Transcribe each record word for word. Skip the images.
**** Given records ****
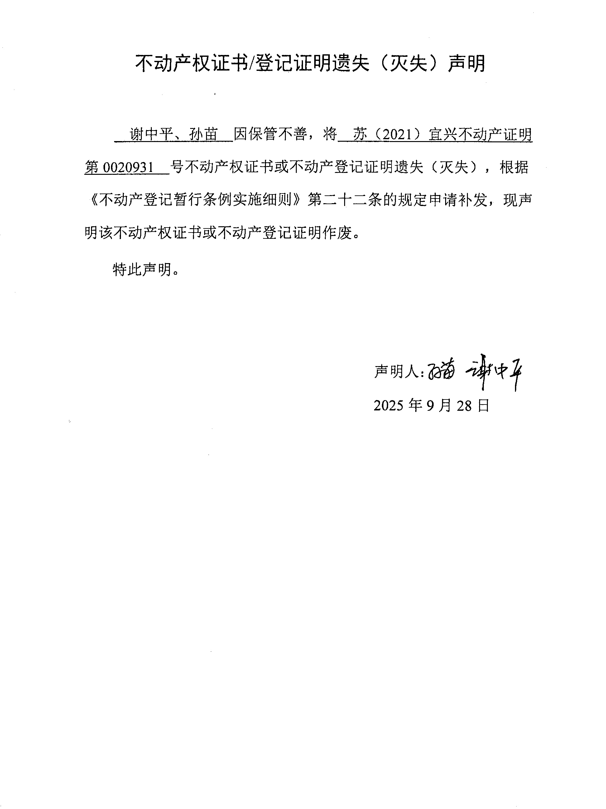 謝中平、孫苗不動(dòng)產(chǎn)預(yù)告登記證遺失聲明
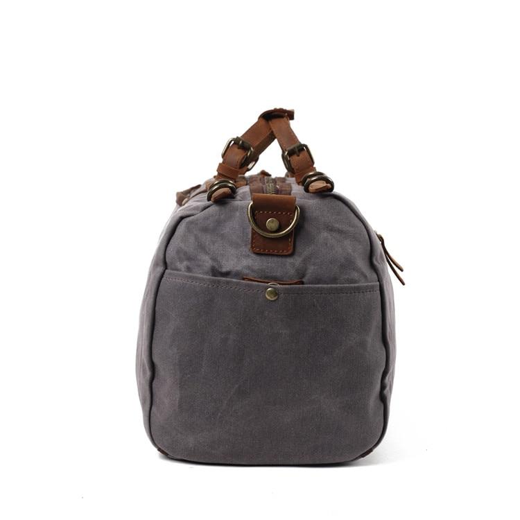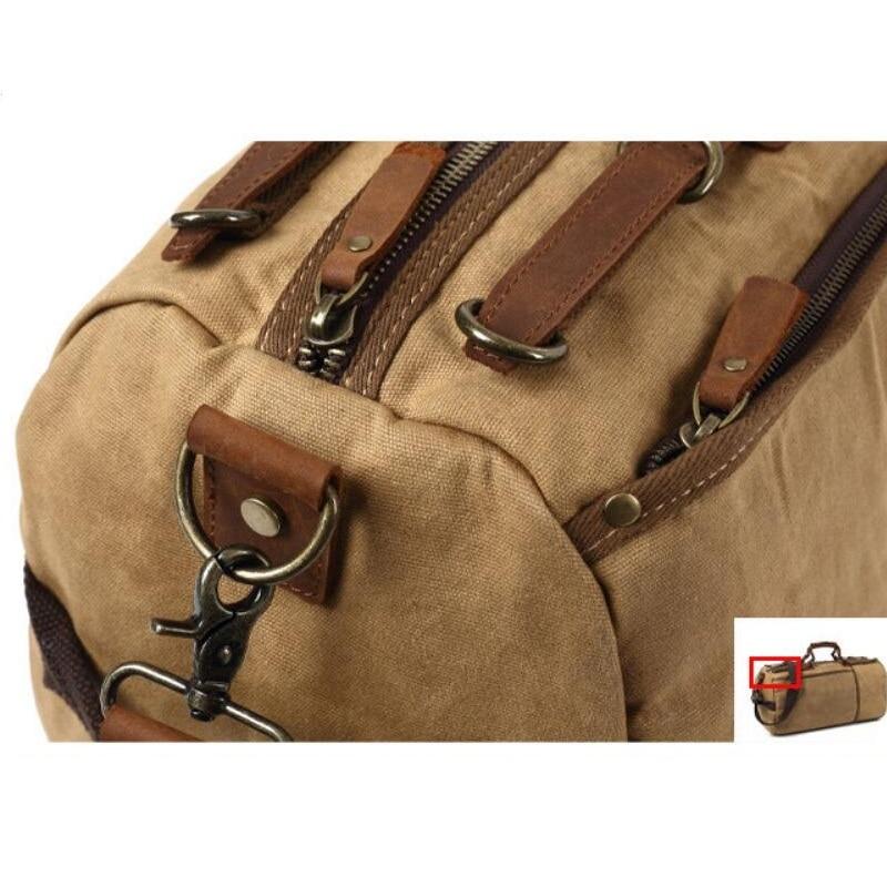 The bottom of the travel duffle bag is reinforced with zinc rivets to allow you to place your bag on various types of soil without fear of damaging the waxed cotton canvas.
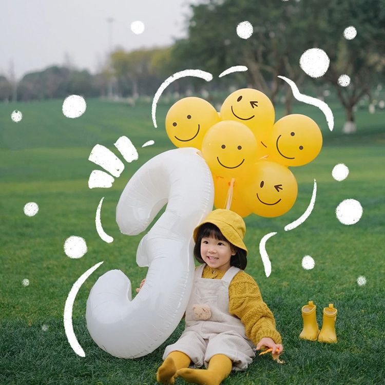屋外の笑顔の数字の風船の誕生日の装飾のシーンは子供の男の子と女の子の赤ちゃんの2歳の3パーティーを手配して写真を撮ります。
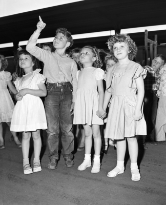 Part of Fort Worth's outgoing mail was on inspection as 70 first and second graders from the Decatur Elementary School made a tour of the T&P Passenger Station. Waiting to bard the Fort Worth & Denver City Zephyr home are, left to right, Dona Berg, Royce Simpson, Glenda Beth Hilton and Janice Renshaw. Approximately 60 of the 70 children had never ridden a train before. Published in Fort Worth Star-Telegram morning edition May 19, 1950.
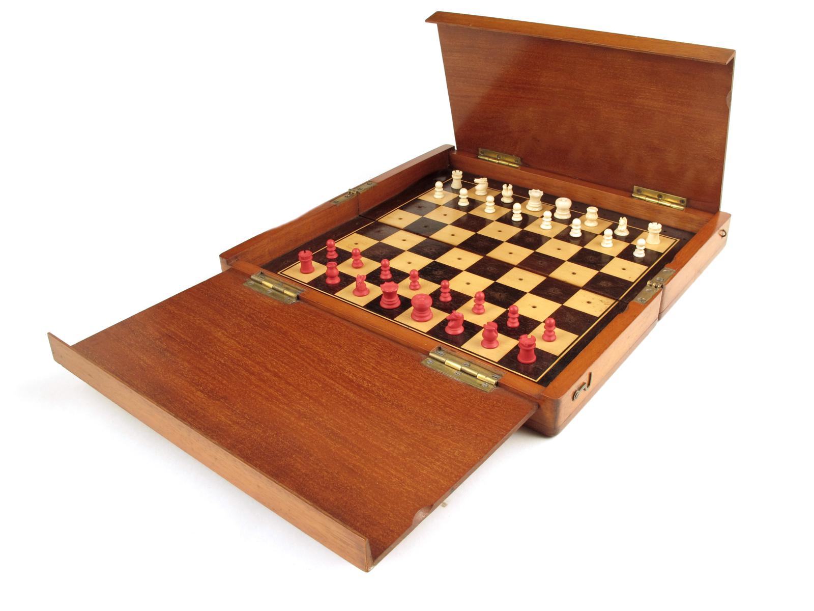 A mahogany cased travelling chess set, the folding case with carved bone pieces, natural and stained red, with a rosewood and planewood board, late 19th / early 20th century, 2¾in (6.7cm) high, 12in (30.4cm) wide, 6in (15.1cm) deep, closed.
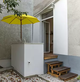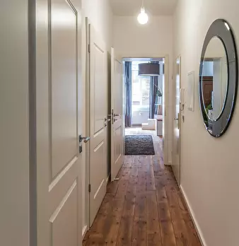 Die angebotene möblierte Wohnung befindet sich im Erdgeschoss und verfügt über ca. 40 m2 aufgeteilt in ein Wohn-/Schlafzimmer zur Straße und Küche mit einem kleinen Balkon mit exklusivem Zugang zum Innenhof. Eichendielen im ganzen Wohnbereich ...
****
» Answer box:
 謝中平、孫苗不動(dòng)產(chǎn)預(yù)告登記證遺失聲明
 The bottom of the travel duffle bag is reinforced with zinc rivets to allow you to place your bag on various types of soil without fear of damaging the waxed cotton canvas.
屋外の笑顔の数字の風船の誕生日の装飾のシーンは子供の男の子と女の子の赤ちゃんの2歳の3パーティーを手配して写真を撮ります。
 Part of Fort Worth's outgoing mail was on inspection as 70 first and second graders from the Decatur Elementary School made a tour of the T&P Passenger Station. Waiting to bard the Fort Worth & Denver City Zephyr home are, left to right, Dona Berg, Royce Simpson, Glenda Beth Hilton and Janice Renshaw. Approximately 60 of the 70 children had never ridden a train before. Published in Fort Worth Star-Telegram morning edition May 19, 1950.
 A mahogany cased travelling chess set, the folding case with carved bone pieces, natural and stained red, with a rosewood and planewood board, late 19th / early 20th century, 2¾in (6.7cm) high, 12in (30.4cm) wide, 6in (15.1cm) deep, closed.
 Die angebotene möblierte Wohnung befindet sich im Erdgeschoss und verfügt über ca. 40 m2 aufgeteilt in ein Wohn-/Schlafzimmer zur Straße und Küche mit einem kleinen Balkon mit exklusivem Zugang zum Innenhof. Eichendielen im ganzen Wohnbereich ...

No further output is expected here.